Task | Make an exact copy of the lines from the one holding "Anello aperto a" through the end of the entries below, both ends kept, and of nothing else. Exclude pictures.

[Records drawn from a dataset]
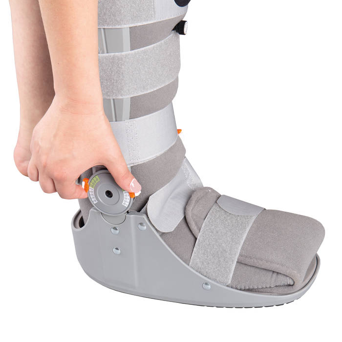 - пневмокамера с механизмом нагнетания/спуска воздуха регулирует внутренний объем ортеза и степень компрессии на область голеностопного сустава
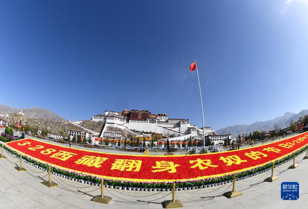 63年后的今天,春風和煦,陽光明媚。上午9時40分,在《翻身農(nóng)奴把歌唱》的伴奏下,西藏各族各界群眾代表聚集在拉薩布達拉宮廣場。蔚藍的天空下,和平鴿展翅翱翔。
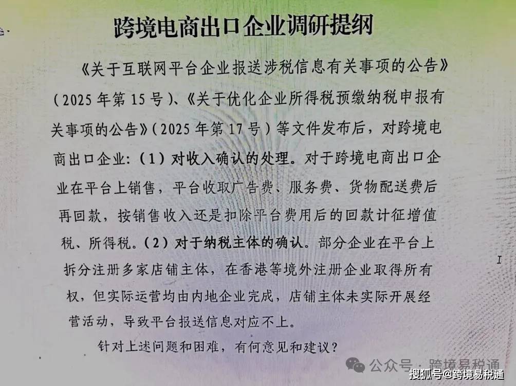 摘要:当平台数据与纳税申报"撞车",S务部门主动发出调研提纲,跨境电商企业迎来合规自救的关键窗口期。读懂政策深意、找准合规路径,才能化危 机为转机。 日前,许多跨境大卖手上都有一份来自S务部门的调研提纲,有人习惯性的反应是恐慌(最近很多大卖都成"惊弓之鸟"了)。但仔细阅读这份《跨境电商 出口企业调研提纲》后,行业资深人士却看到了不一样的信号:S务部门正在主动了解行业痛点,寻求解决方案。 平台报送数据:100美元 企业常见记账方式:40美元 我们以一个SUMMARY报告来看一下,根据关于互联网平台企业报进涉税信息有关事项的公告(2025年第15号)其中第二条第(三)条中:针对境内外 互联网企业应该报送内容规定, (1)销售货物、服务、无形资产取得的收入,包括收入总额、退款金额、收入净额等; 以一个亚马逊平台Amazon为例,目前Amazon平台给客户相关报告有两个,一个是SUMMARY REPORT报告和另一个是账期报告,现在亚马逊平台报送 的是销售总额Credits总额,约为12,023,522.54美元,而扣款只报送了销售产品(FBA transaction fee refunds)的退款,其实还有各项Ot ...
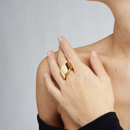 Anello aperto a fascia bombata in bronzo con bagno in oro 24kt. Un accessorio dalla visibilità importante e dalle linee scultoree perfetta sintesi dell'idea di gioiello contemporaneo secondo UNOAERRE. Completano il look gli orecchini Onda coordinati.
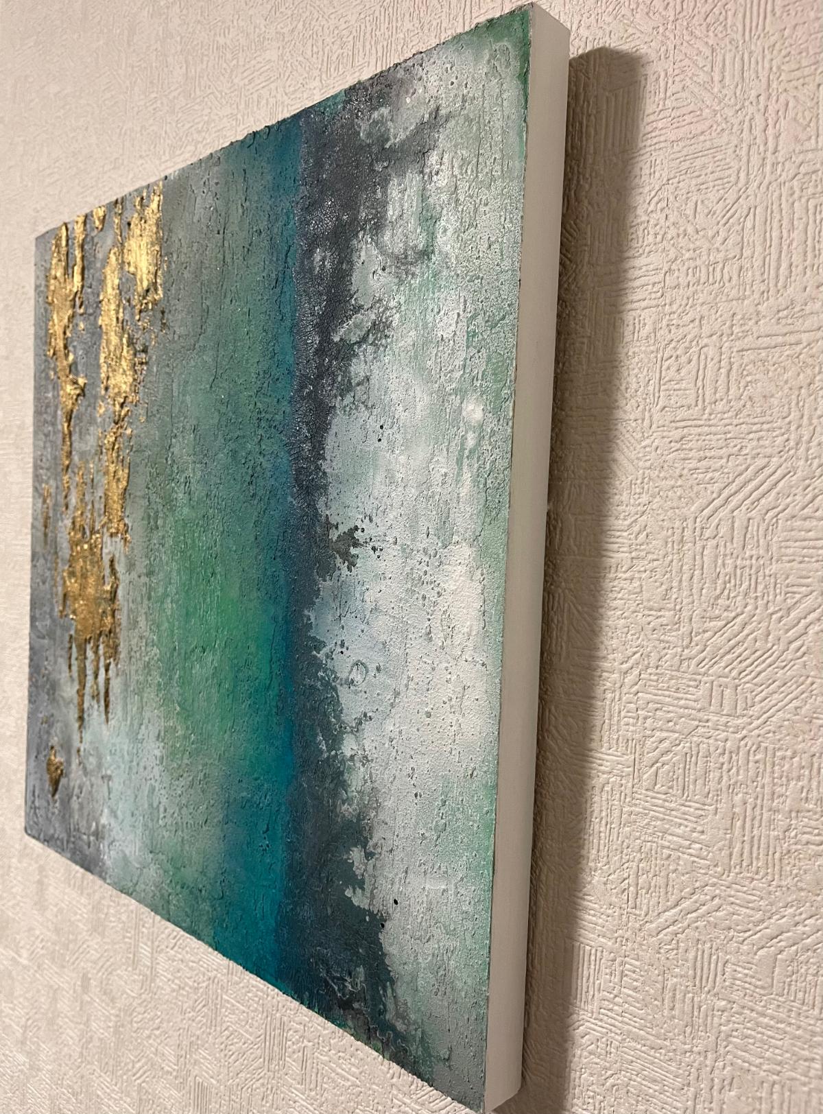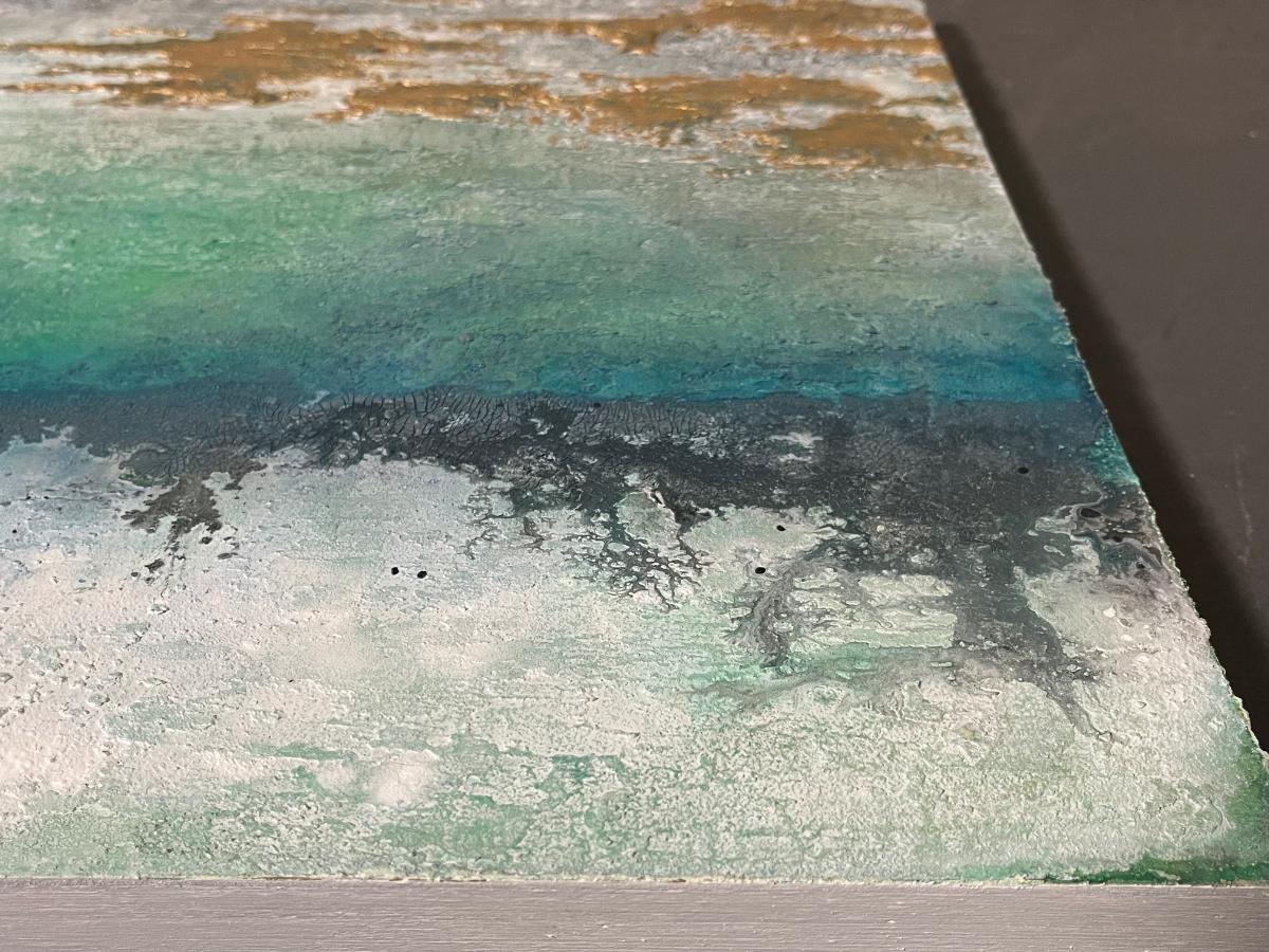 ※作品詳細 木製パネル アルコールインクアクリル モデリングペースト 珪藻土 保護スプレー 重量557g
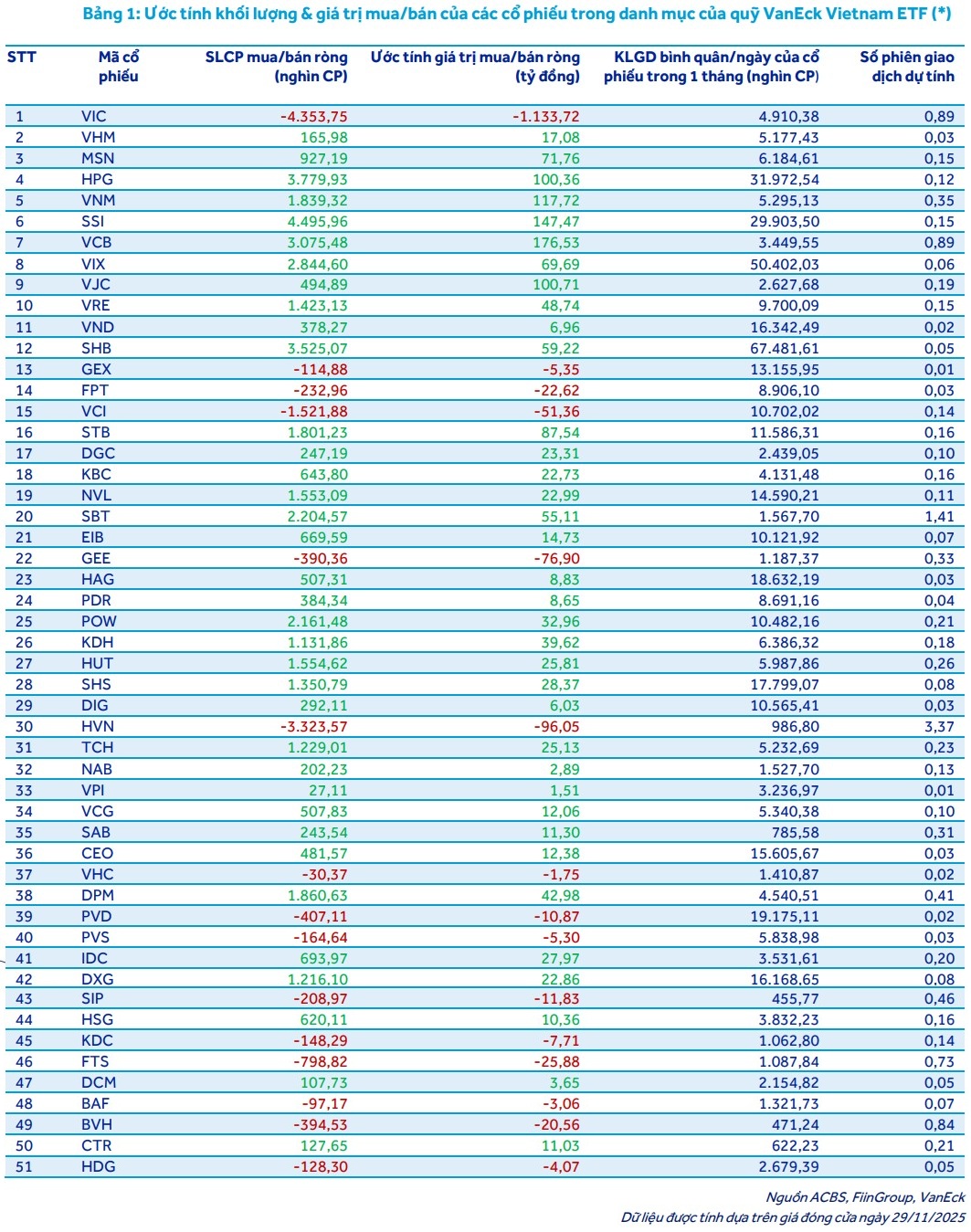 Quỹ VanEck Vietnam ETF dự kiến sẽ cơ cấu danh mục với quy mô gần 3.000 tỷ đồng (cả mua và bán) trong kỳ điều chỉnh quý 4/2025, theo dự báo của ACBS. Danh mục mô phỏng theo chỉ số Vietnam Local Index sẽ được công bố ngày 12/12 và có hiệu lực từ ngày 19/12/2025.
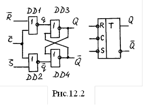 Синхронные RS - триггеры имеют два информационных входа R и S и синхровход С. Схема триггера и его условное обозначение показаны на рис.12.2. Асинхронный RS - триггер дополнен схемой управления на ЛЭ DD1-2, которая формирует сигналы
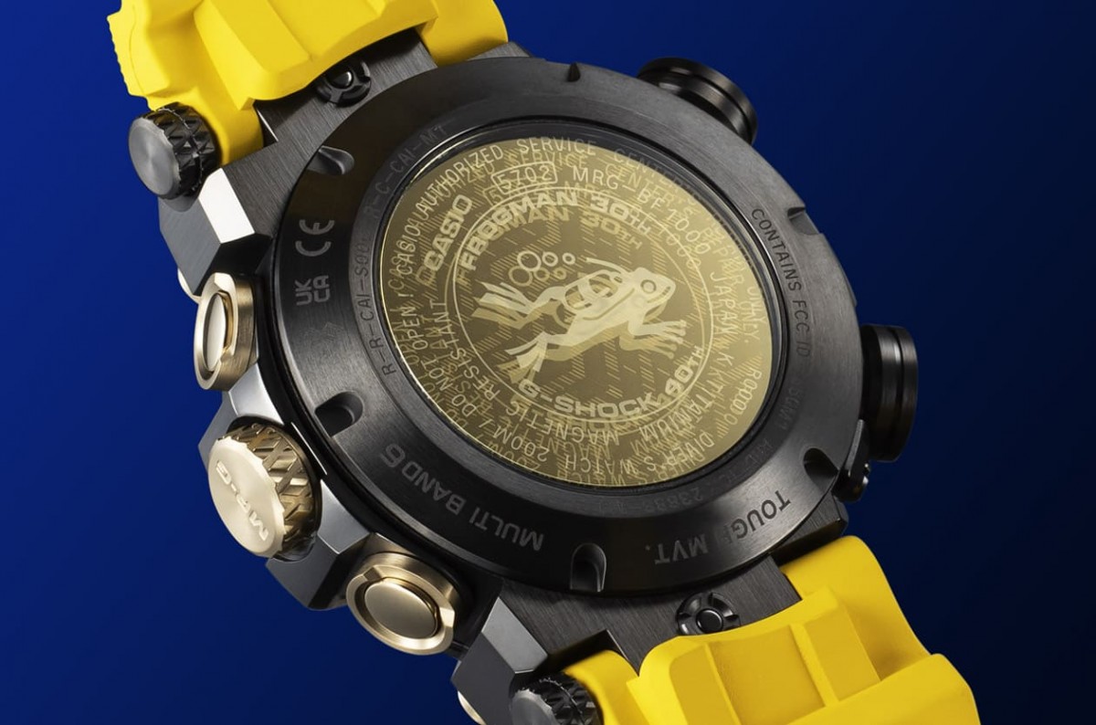 2023年除了是G-SHOCK创立40周年的大日子,品牌旗下着名潜水表Frogman蛙人系列也迎来问世30周年纪念,为此G-SHOCK特地打造一款MR-G新作MRG-BF1000E全球限量发行。腕表以现代的顶级蛙王MRG-BF1000R为基础,配色则是重回Frogman系列刚出道时经典型号DW-6300的黄、黑组合,从腕表内外讲究的设计与规格,突显G-SHOCK顶级潜水表的王者风范。

Answer below |
 Anello aperto a fascia bombata in bronzo con bagno in oro 24kt. Un accessorio dalla visibilità importante e dalle linee scultoree perfetta sintesi dell'idea di gioiello contemporaneo secondo UNOAERRE. Completano il look gli orecchini Onda coordinati.
 ※作品詳細 木製パネル アルコールインクアクリル モデリングペースト 珪藻土 保護スプレー 重量557g
 Quỹ VanEck Vietnam ETF dự kiến sẽ cơ cấu danh mục với quy mô gần 3.000 tỷ đồng (cả mua và bán) trong kỳ điều chỉnh quý 4/2025, theo dự báo của ACBS. Danh mục mô phỏng theo chỉ số Vietnam Local Index sẽ được công bố ngày 12/12 và có hiệu lực từ ngày 19/12/2025.
 Синхронные RS - триггеры имеют два информационных входа R и S и синхровход С. Схема триггера и его условное обозначение показаны на рис.12.2. Асинхронный RS - триггер дополнен схемой управления на ЛЭ DD1-2, которая формирует сигналы
 2023年除了是G-SHOCK创立40周年的大日子,品牌旗下着名潜水表Frogman蛙人系列也迎来问世30周年纪念,为此G-SHOCK特地打造一款MR-G新作MRG-BF1000E全球限量发行。腕表以现代的顶级蛙王MRG-BF1000R为基础,配色则是重回Frogman系列刚出道时经典型号DW-6300的黄、黑组合,从腕表内外讲究的设计与规格,突显G-SHOCK顶级潜水表的王者风范。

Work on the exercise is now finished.